For 2012, Kvyat remained in the Formula Renault category, competing in both Formula Renault 2.0 Alps and the Eurocup Formula Renault 2.0 series. His debut in the Alps championship was marked with a dominating double win at Monza. In May he returned to the Eurocup, and recorded a double win in the opening round of the season at Motorland Aragón. In the Eurocup, Kvyat's main rival was Stoffel Vandoorne, who won four races versus Kvyat's six but he also never finished a single race below P4. Kvyat lost points at Nürburgring due to a wrong tyre choice by his team, and at Hungaroring after crashing with Oliver Rowland. The fate of the title was decided in the last round of the championship in Barcelona. Koiranen GP made a wrong call in the mixed conditions and selected wet tyres for Kvyat although the circuit was drying up after the rain; most of the other drivers on the grid started on slick tires. Thus, having lost several positions in the last part of the race, Kvyat did not score enough points to secure the title. In the Alps series, the Russian was fighting Norman Nato. Barcelona hosted the series finale just a couple of hours after the finish of the Eurocup race. Two title contenders crashed out and, having more overall points in the championship, Kvyat won the title. Russian driver remained with the Red Bull Junior Team and progressed to the GP3 Series for 2013.

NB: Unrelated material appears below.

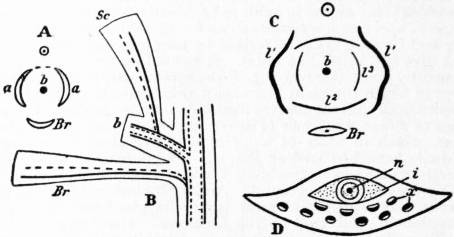 Fig. 15.—Diagrammatic treatment of: A, Double needle of Sciadopitys (a, a, leaves; b, shoot; Br, bract). B, seminiferous scale as leaf of axillary shoot (b, shoot; Sc, seminiferous scale; Br, bract). C, seminiferous scale as fused pair of leaves (l1, l2, l3, first, second and third leaves; b, shoot; Br, bract). D, cone-scale of Araucaria (n, nucellus; i, integument; x, xylem). |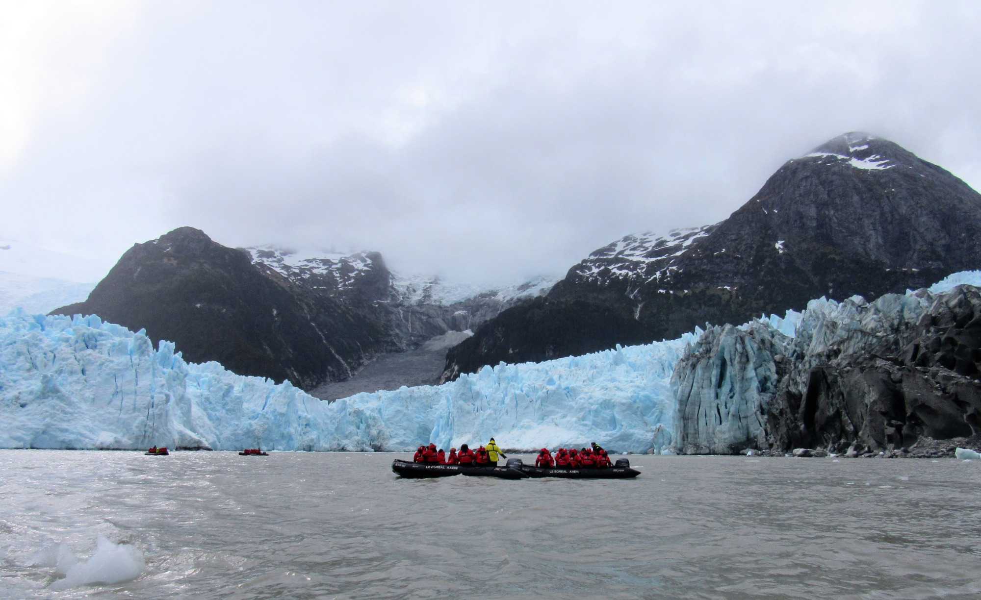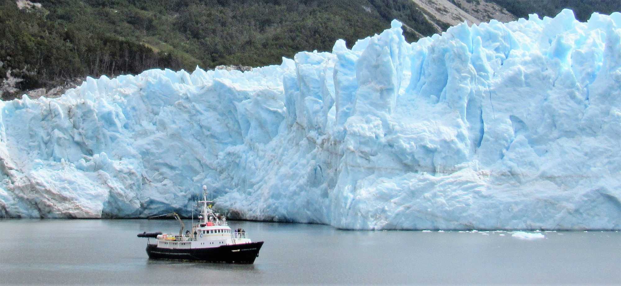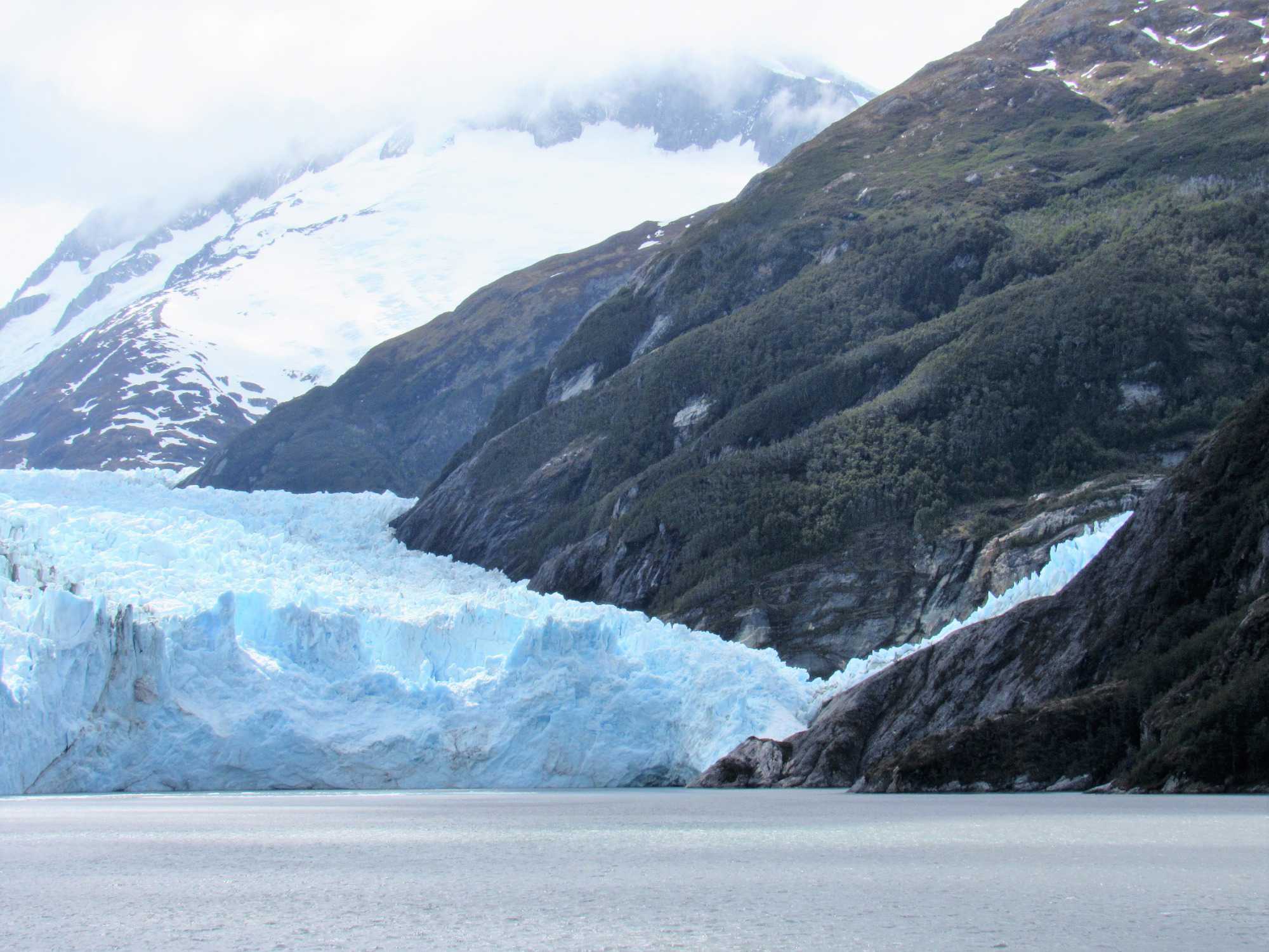 Le navire s’engouffre dans l’étroit fjord Garibaldi, bordé de forêts verticales, agrippées aux falaises abruptes dont les sommets baignent encore dans cette neige éternelle qui résiste aux températures plus clémentes de l’été. Tout d’abord, revenons au Glacier Garibaldi, qui compte parmi les plus étonnants glaciers d'Amérique du Sud. Lorsque nous entrons dans le fjord Garibaldi, où deux glaciers s’élèvent avec comme toile de fond une chaine de montagne magnifique, la cordillère Darwin qui est le prolongement de la cordillère des Andes, colonne vertébrale de toute l’Amérique du Sud, on ne peut qu’être émerveillés! C’est vraiment un très beau glacier à voir.

GP3 and European Formula 3 (2013)

Kvyat spent 2013 competing in the GP3 Series with MW Arden and the European Formula 3 championship with Carlin Motorsport. Kvyat was a late registration for the latter series, and so he was ineligible for points. He scored five pole positions, seven podiums and a dominant win at Zandvoort. His first win saw an unusual mistake on the part of event organisers: there was no record of National Anthem of Russia present at Zandvoort, and "The Patriotic Song" by Mikhail Glinka was played instead to celebrate Kvyat's win. After this race he was offered a contract as a Formula 1 driver by Helmut Marko, head of the Red Bull Junior Team.

Carlos Sainz Jr joined Kvyat as a teammate once again in GP3, after a mediocre season in Formula 3. The season start was a challenge for both drivers: struggling to find appropriate settings for the cars, both Kvyat and Sainz failed in the season opener. They managed to catch up with the leaders after a few rounds, once the Arden engineers mastered management of the Pirelli tyres. Kvyat scored his first podium in the series at Hungaroring in July, then won the race in Spa in August to decrease the points deficit between him and the leaders in the drivers' standings. He went into the Abu Dhabi event being a title contender and finally won the championship in his debut year. His performance in two final feature races at Monza and Abu Dhabi was notable: Kvyat scored a pole, a win, led every lap and recorded the fastest lap, gaining the maximum points available at both races.

Formula One

Toro Rosso (2014)

Kvyat became the second driver of the Scuderia Toro Rosso (STR) Formula One team for the  season, alongside Frenchman Jean-Éric Vergne. He replaced Daniel Ricciardo, who moved to parent team Red Bull Racing. As a test driver for STR, he took part in Friday practice for the final two Grands Prix of the 2013 season, in the United States and Brazil. Kvyat made his F1 debut—aged just 19—in the 2014 Australian Grand Prix, where he made it into the top ten in qualifying and finished 9th in the race, breaking Sebastian Vettel's record as the youngest points-scorer in Formula One. He went on to score points in the Malaysian, Chinese, British and Belgian Grands Prix, finishing 15th in the World Championship. In September the organisers of the inaugural Russian Grand Prix announced their intention of naming a stand in the Sochi Autodrom after him.

Red Bull (2015–2016)

Kvyat was promoted to Red Bull for the  season, to replace the quadruple world champion Sebastian Vettel, who would move to Ferrari. He took his first podium in the sport with a second-place finish at the 2015 Hungarian Grand Prix, the highest finish for a Russian driver in Formula One. As a result, Kvyat – aged  – became the second-youngest driver to record a podium finish, after Vettel. In qualifying for the 2015 Japanese Grand Prix, Kvyat crashed heavily into the barriers, ultimately flipping the car. He was uninjured, and finished 13th in the race the following day. Kvyat ended the 2015 season with 95 points and 7th place in Drivers' World Championship, beating his race winning teammate Daniel Ricciardo by 3 points.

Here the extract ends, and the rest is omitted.